■ **THE PROBLEM**
Starting with the line with "Doodle Drawn Daisy" in the entries below and going on through the line with "但是随着那些试飞视频在社交平", output every line exactly and nothing more. No pictures.

DATA TO USE START

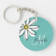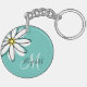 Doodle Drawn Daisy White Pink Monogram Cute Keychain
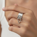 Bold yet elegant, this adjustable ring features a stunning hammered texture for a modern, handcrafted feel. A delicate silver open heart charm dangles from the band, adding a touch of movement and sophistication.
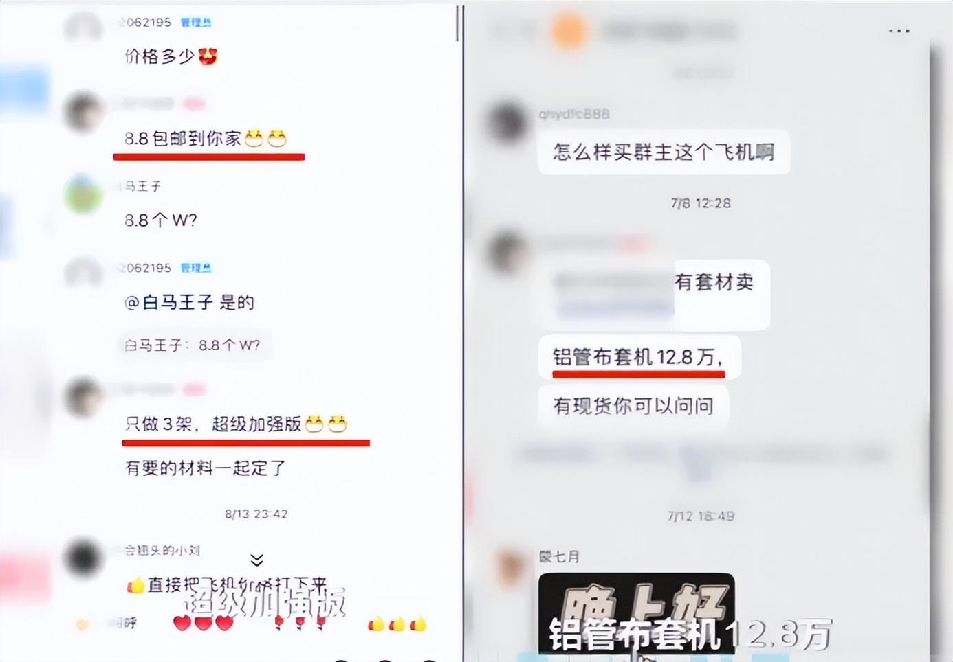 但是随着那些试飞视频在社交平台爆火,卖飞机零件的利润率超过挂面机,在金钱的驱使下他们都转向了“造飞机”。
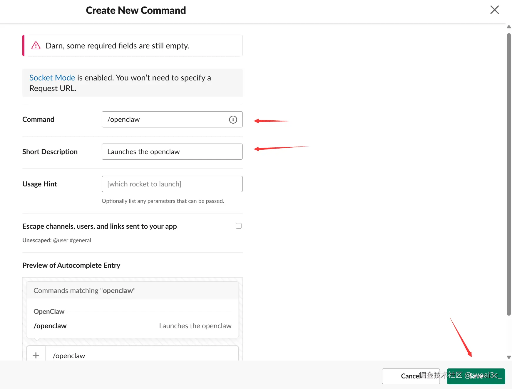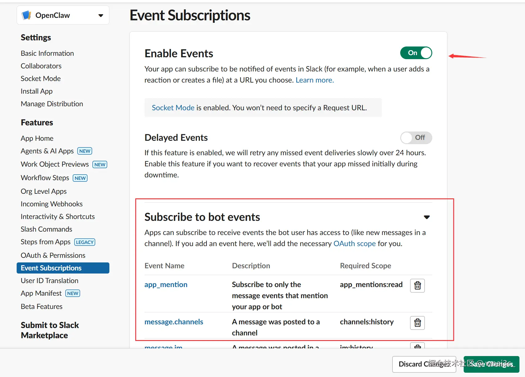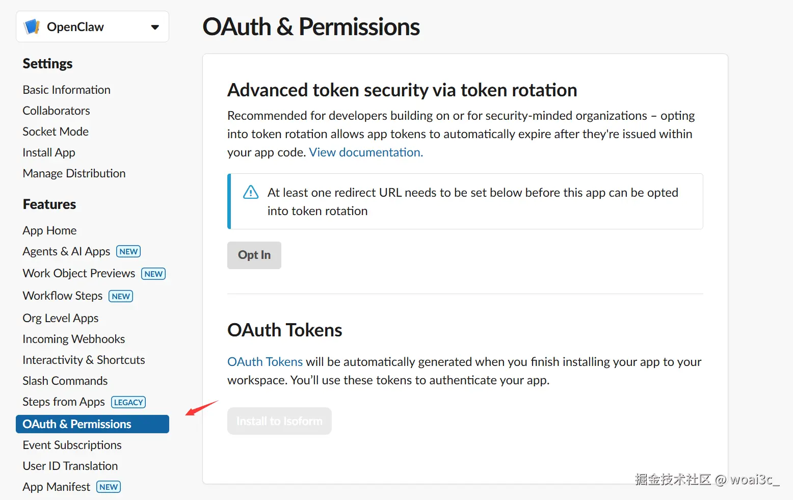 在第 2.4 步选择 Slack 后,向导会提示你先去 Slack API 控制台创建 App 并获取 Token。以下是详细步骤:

DATA TO USE END
DATA TO USE START

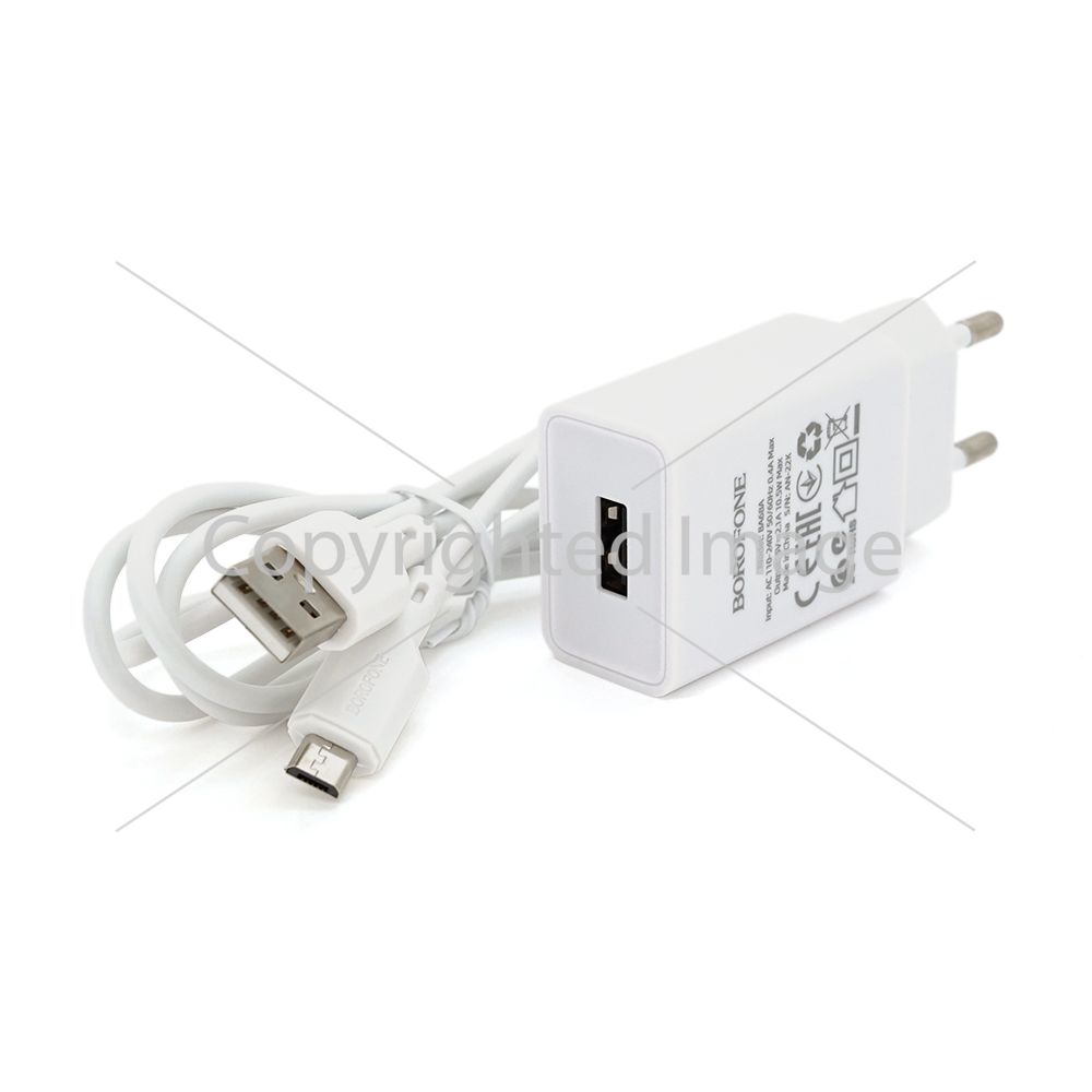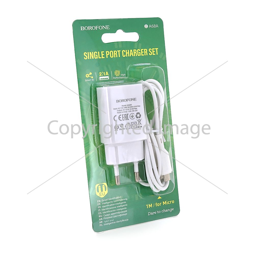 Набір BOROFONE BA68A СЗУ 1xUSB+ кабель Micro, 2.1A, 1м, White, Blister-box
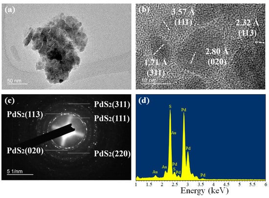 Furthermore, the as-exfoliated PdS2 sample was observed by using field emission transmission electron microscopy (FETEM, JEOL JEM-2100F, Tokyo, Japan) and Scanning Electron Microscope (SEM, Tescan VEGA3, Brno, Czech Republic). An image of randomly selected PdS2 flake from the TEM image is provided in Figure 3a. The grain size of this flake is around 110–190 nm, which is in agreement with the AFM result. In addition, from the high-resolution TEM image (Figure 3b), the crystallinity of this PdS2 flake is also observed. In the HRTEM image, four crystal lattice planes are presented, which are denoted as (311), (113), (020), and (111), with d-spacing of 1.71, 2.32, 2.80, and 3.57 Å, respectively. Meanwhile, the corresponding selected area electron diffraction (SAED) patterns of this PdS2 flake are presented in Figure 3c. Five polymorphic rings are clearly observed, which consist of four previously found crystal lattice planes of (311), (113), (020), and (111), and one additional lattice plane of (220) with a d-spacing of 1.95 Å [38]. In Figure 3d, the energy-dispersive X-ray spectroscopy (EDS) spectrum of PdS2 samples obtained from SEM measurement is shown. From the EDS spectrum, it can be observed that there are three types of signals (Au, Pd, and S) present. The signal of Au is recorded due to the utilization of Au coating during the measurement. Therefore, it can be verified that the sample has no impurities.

DATA TO USE END

■ **RESULT FOR THIS TASK**
 Doodle Drawn Daisy White Pink Monogram Cute Keychain
 Bold yet elegant, this adjustable ring features a stunning hammered texture for a modern, handcrafted feel. A delicate silver open heart charm dangles from the band, adding a touch of movement and sophistication.
 但是随着那些试飞视频在社交平台爆火,卖飞机零件的利润率超过挂面机,在金钱的驱使下他们都转向了“造飞机”。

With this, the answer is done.